I get a little sproing sound while I'm turning into my parking spot, so basically turning while almost stopped. It occurs at the very far end of the rotation to the right. It happened before I changed the spring, struts, bearings and it still happens. Not a horrible clunk or pop just a little pop/clunk. Im thinking it has to be something attached to steering.


----------



## vxssls1 (Sep 9, 2006)

id check link pins and radias rod bushes


----------



## Gotagoat (Jan 6, 2006)

Thanks, Mike (DMS), for making the effort to supply the information.
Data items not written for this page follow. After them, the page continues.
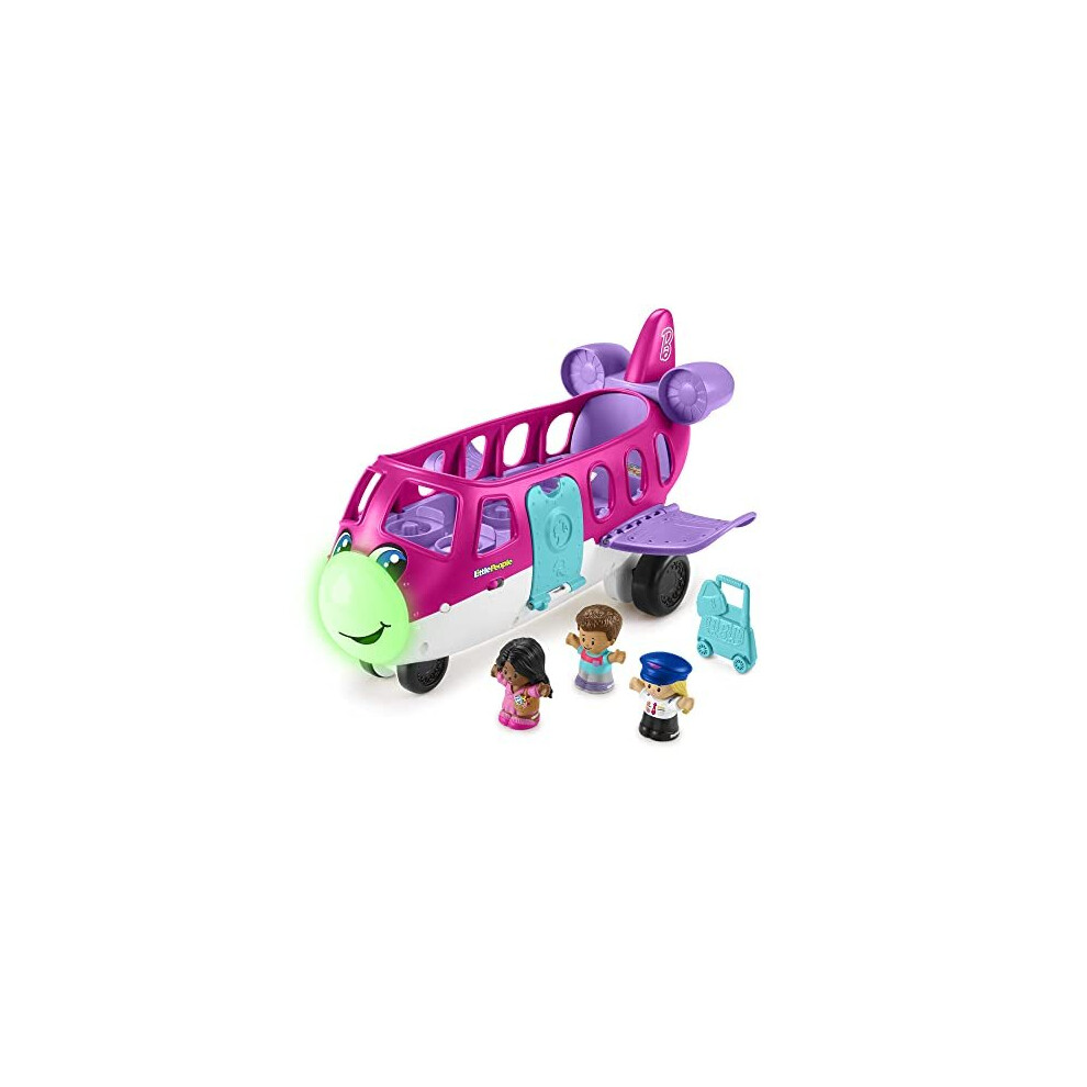 Fisher-Price Little People Barbie Toy Airplane for Toddlers with Lights Music and Folding Stairs, Little Dream Plane, 4 Play Pieces
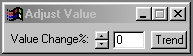 Some of the controls have a Trend button next to them. These trend buttons allow you to set variables over a series of frames. Each frame of any animation may be thought of as a slice of time. The trends allow you to alter some, all, or none of the variables for a particular time slice. Trend graphs have equidistantly spaced vertical lines. For animations under 100 frames in length, each of these lines represents a frame in the animation. The number of frames in any one sequence can be altered using the Sequence controls item from the Timeline pull down menu. Animation lengths of 100 - 999 frames will be represented with a vertical bar being 10 frames, and animation length greater than 1000 frames will have a vertical bar for every 100 frames. Click here to view more information on Trends.
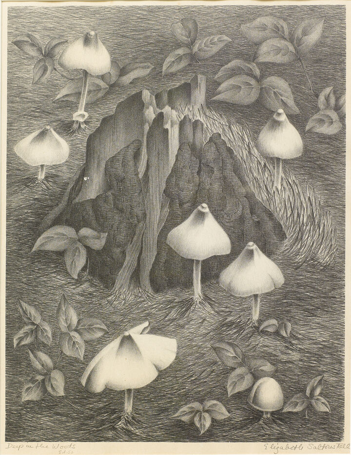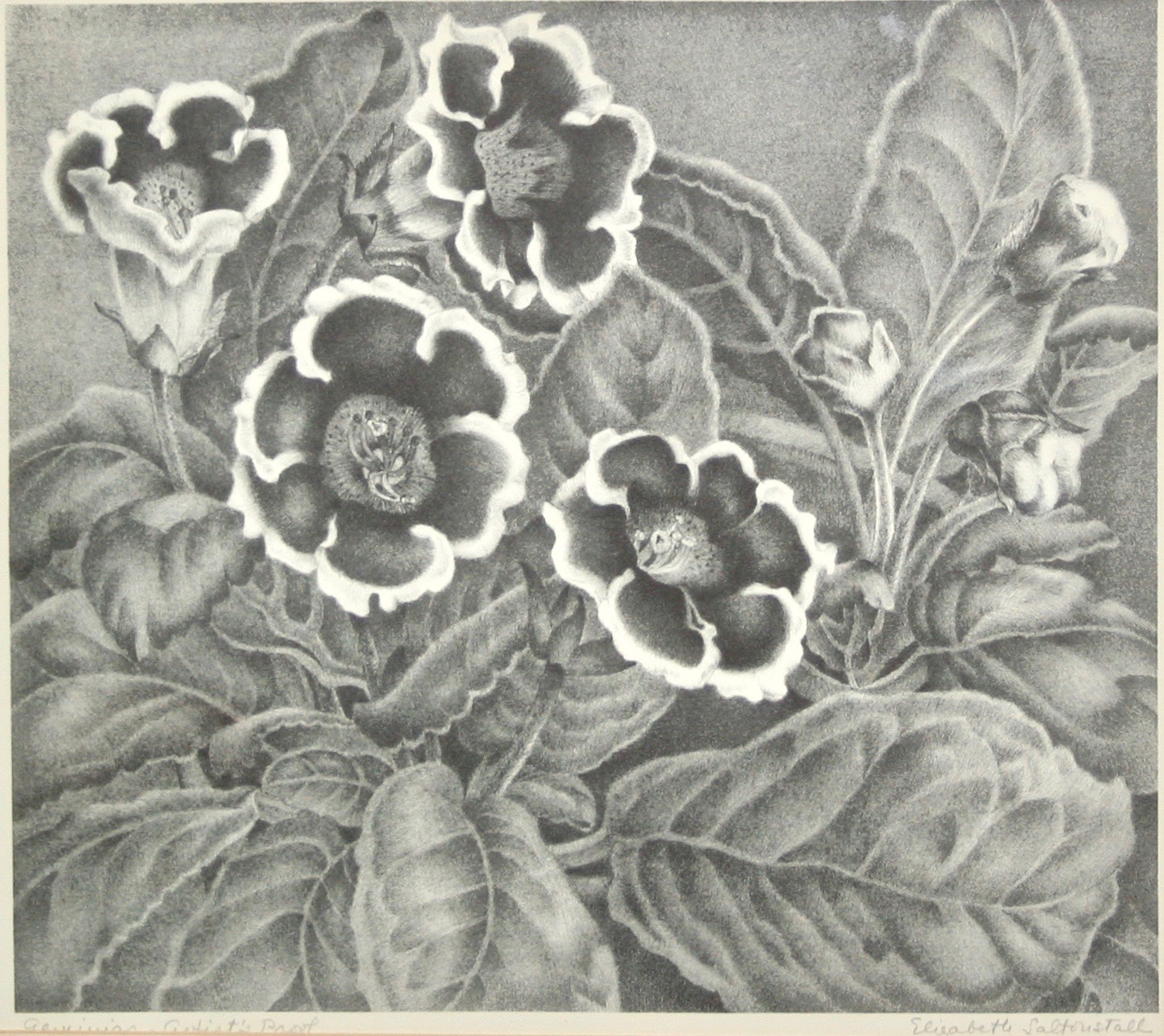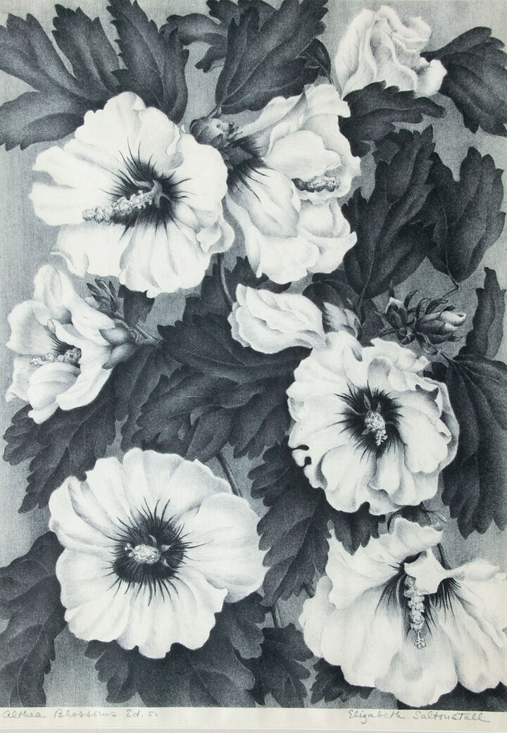 Born at the beginning of the twentieth century, Saltonstall resided most of her life in Chestnut Hill and Nantucket. Daughter of a onetime Middlesex County district attorney, her family tree stretched back to Sir Richard Saltonstall, who landed in the New World in 1630. She attended the Winsor School, the art school of the Museum of Fine Arts, Boston, where she studied fine and graphic arts with a focus on the natural world for inspiration. She became a major supporter of the Boston Society of Independent Artists, and studied briefly in Paris. Although she painted in oils, acrylics, and watercolors, stone lithography became her principle medium.
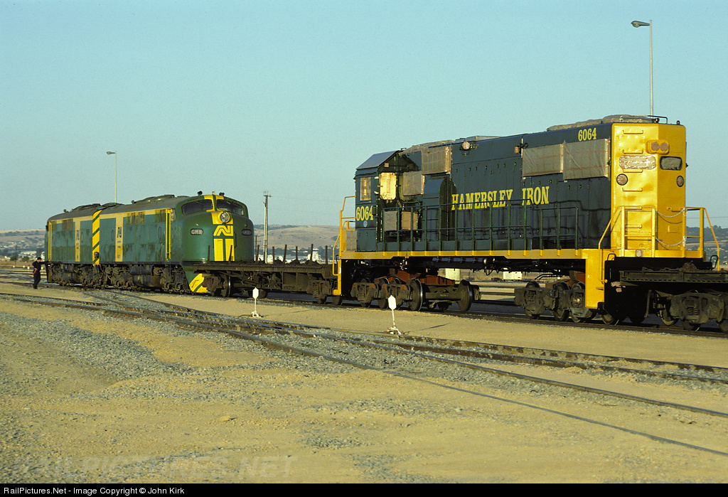 | All taped and packaged ready for delivery. Newly-built Hamersley Iron 6064 towers over GM11 and its AN mate while on special transfer bogies at Dry Creek yard. The last loco of the order is awaiting delivery to the Pilbara via the Nullabor and Perth. Built at Clyde-GM in Rosewater, all the 60 class units were transferred on broad gauge bogies to Islington then using road cranes transferred onto standard gauge bogies for the trip west. |
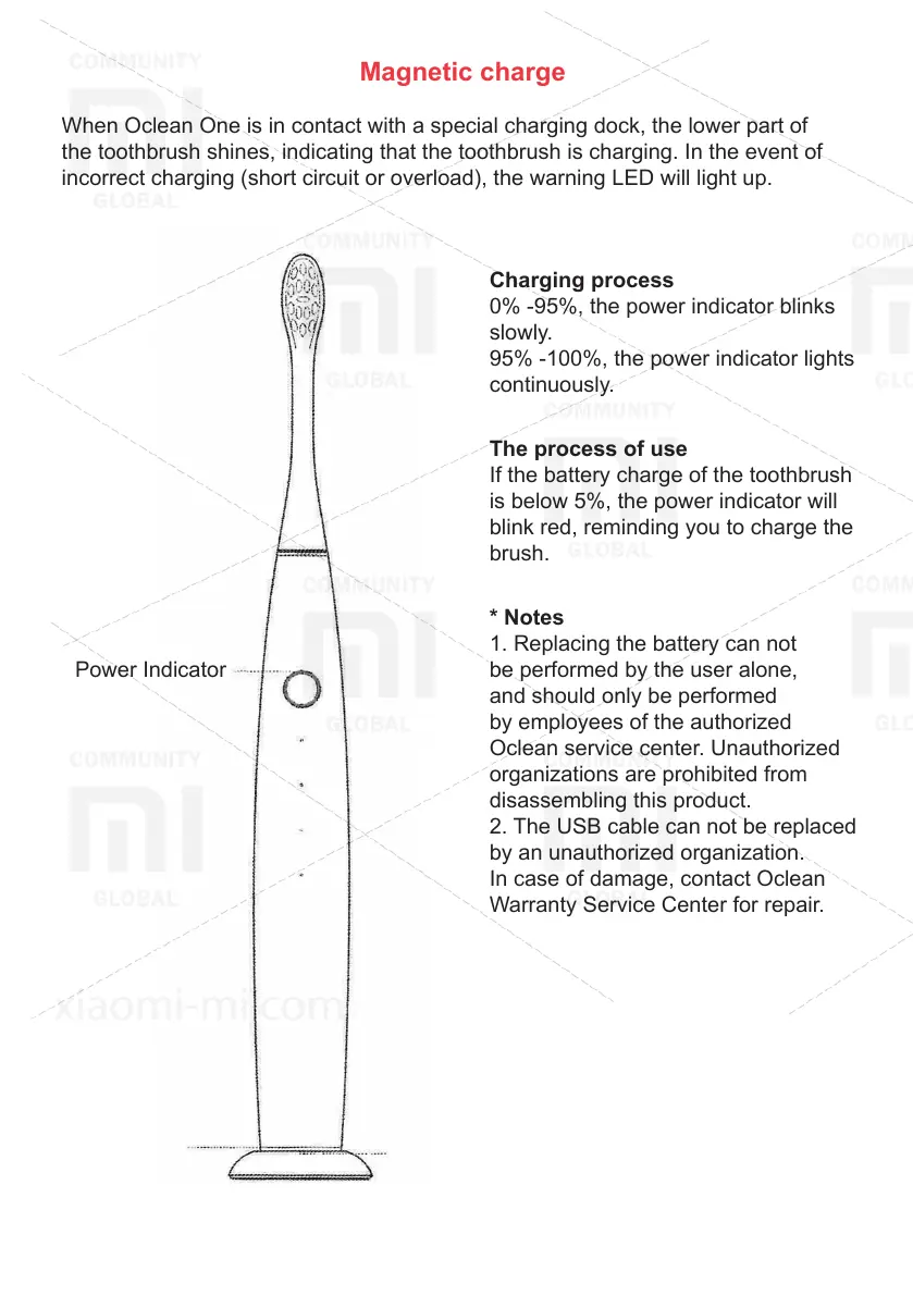 the toothbrush shines, indicating that the toothbrush is charging. In the event of
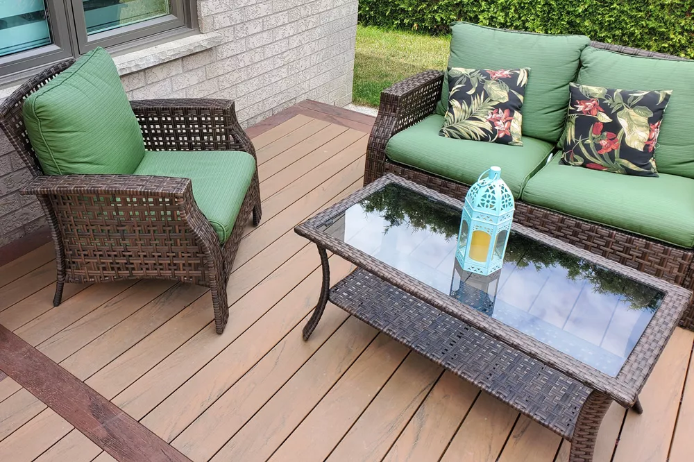 Better Composite Decking Boards – Grooved or Square Edge, fully encapsulated Solid Core board. Our deck boards remain 30% cooler to the touch, are made with rice hull instead of wood grains and sawdust like other composite decks on the market. They are also capped on all four sides for better protection and longevity.
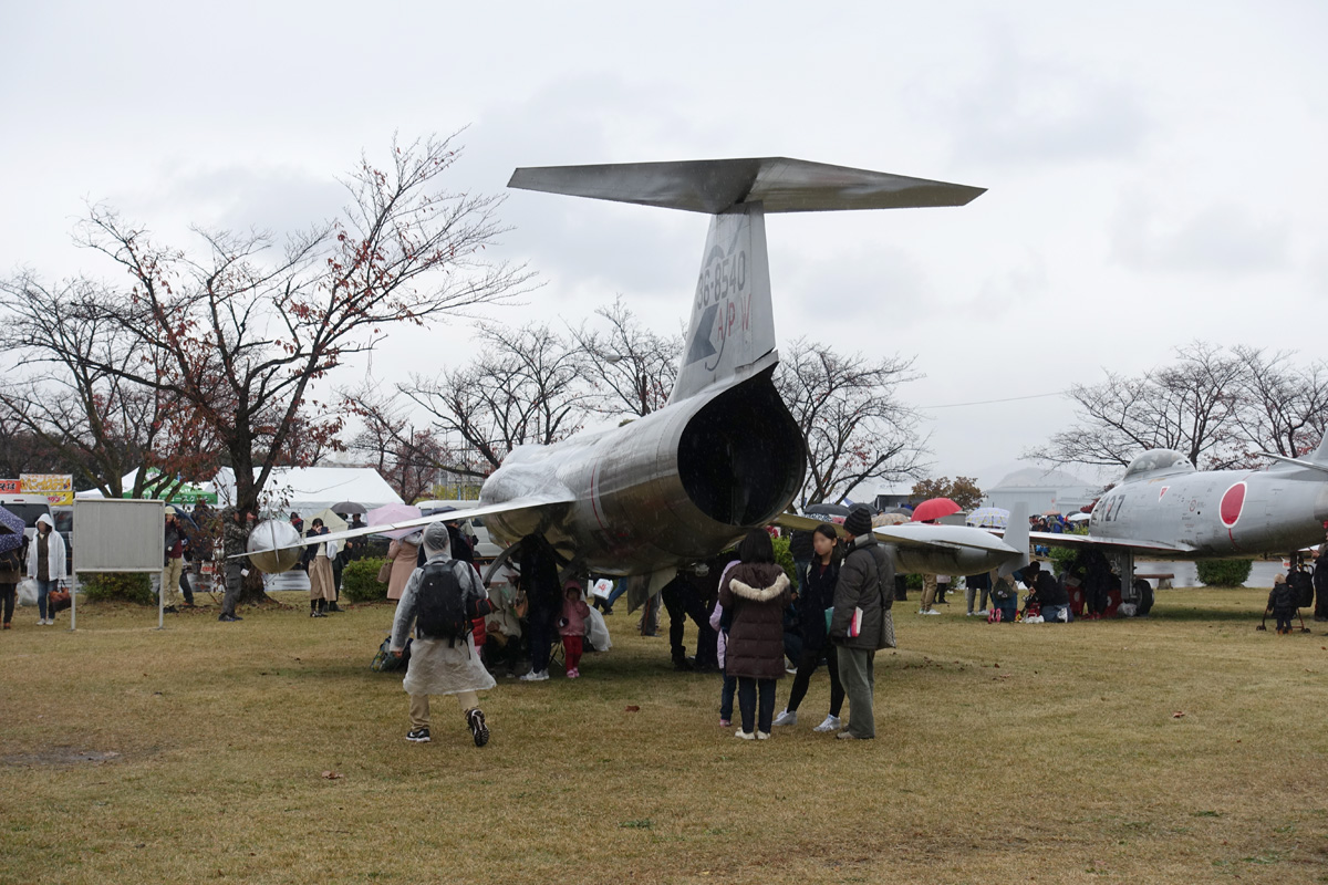 荒天の航空祭では良くある翼下雨宿り大会。F-104は翼が小さいので不人気 |

Very helpful.


----------



## NEXSTAR7 (Jan 28, 2007)

well, i was having my tranny replaced anyway so i told the mechanic to check the steering linkages and he went around tightening things. he didnt tell me if he found something, but its not making the noise anymore. go figure. thanks again guys.


----------



## Goatskin10 (Sep 9, 2009)

He may have tightened up on your Radius Rod Nuts. If you hear it any more or your front end feels mushy while negotiating turns,then you may want to replace them with urethane bushings.I had the same problem and I just changed mine.Now it handles like a vette, and of course no more noise.


----------



## NEXSTAR7 (Jan 28, 2007)

will keep a ear open. if so who's did you use? pedders


----------



## 1224GTO (Sep 18, 2011)

*i got a popping sound after i hit a toco patch job in the road*

After running over a sunken patch job in the road i got a popping sound in my front end sounds like a spring is turning in the strut but it goes away after a few turns ?? she is all stock to..60k if that is the case ill cut some heater hose to cover the lower part of the spring and see if i get the sound and upper ?? ill know more when i get it on the lift ...ill update when i find the issue...:shutme


----------



## 1224GTO (Sep 18, 2011)

Today i put the GTO on the lift to see if i could that noise and i found that my sway bar end links was bad the rubber was gone and link was just hanging there ?? the spring looks ok not moving like i thought anyways I'm only at 62k so whats up with that!!


----------